# H&R 22 Special



## Richard C (Mar 30, 2010)

Greetings, I just came into a H&R 22 Special. It is a top break 6" barrel. On the right side of the barrel is 22 Rim Fire. On the left side of the barrel is H&R 22 Special. It is a built on a 38 frame. 
Question: The cylinder is 1.248" in length. There is no step in the chamber. I'm wondering if it was made this way or has been reamed out. I would appreciate hearing what you think. Thanks Richard

I'd like to post a picture but don't see how.


----------



## thelonerang3r (Jul 30, 2009)

I can't help with you with questions about the gun, but to post a picture check out:

http://handgunforum.net/showthread.php?t=13283

http://handgunforum.net/showthread.php?t=2475


----------



## Bob Wright (May 10, 2006)

Richard C said:


> Greetings, I just came into a H&R 22 Special. It is a top break 6" barrel. On the right side of the barrel is 22 Rim Fire. On the left side of the barrel is H&R 22 Special. It is a built on a 38 frame.
> Question: The cylinder is 1.248" in length. There is no step in the chamber. I'm wondering if it was made this way or has been reamed out. I would appreciate hearing what you think. Thanks Richard
> 
> I'd like to post a picture but don't see how.
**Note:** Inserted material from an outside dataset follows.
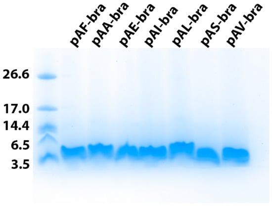 For each construct corresponding to the different signal peptides, 52 yeast transformants were isolated and tested on both MD and MM nutritive plates. The Mut+ phenotype strains grew well on the two types of plates, allowing characterization of this phenotype compared to the MutS phenotype presenting limited growth on MM plates. Indeed, the integration of the expression cassette into the AOX1 locus of the P. pastoris genome allows either a MutS phenotype corresponding to a dysfunctional AOX1 gene or a Mut+ phenotype corresponding to the functional AOX1 gene. From the 52 tested clones, we found that 36%, 36%, 32%, 32%, 52% and 46% were MutS phenotypes for the pAA-, pAE-, pAI-, pAL-, pAS-, and pAV-bra constructs, respectively. A set of 15 clones presenting the best growth on plates independent of their phenotype were picked up for 10-mL cultures for 4 days after induction. SDS-PAGE analysis of the yeast supernatants is presented in Figure 2. Interestingly, most of the tested constructs allow secretion of brazzein in the culture medium. Some differences in terms of band intensity can be observed; however, in a small volume, these variations cannot be considered significant. Additionally, for each construct, one clone expressing brazzein derived from the average of the tested clones was selected for larger production and purification, allowing us to compare the amounts of purified protein.
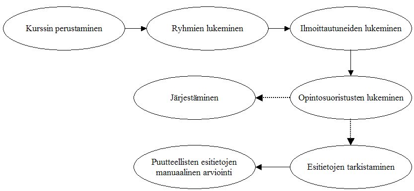 Käyttäjän ladatessa valikosta toisen lukukauden kurssin tiedot kaikki viittaukset edelliseen kurssiin poistetaan järjestelmän tietorakenteista ilman järjestelmän uudelleenkäynnistystä.

Not too sure about the ".22 Special" marking, could be chambered for the .22 Rem. and .22 Win. Auto cartridges. These rounds were made for the .22 Auto rifles and had cases slightly larger in diameter than the .22 L.R. cartridges. There was also a .22 Win. Rim Fire (not the .22 Win. Mag) that was used in some revolvers. But many inexpensive revolvers had no stepped chambers.

Bob Wright


----------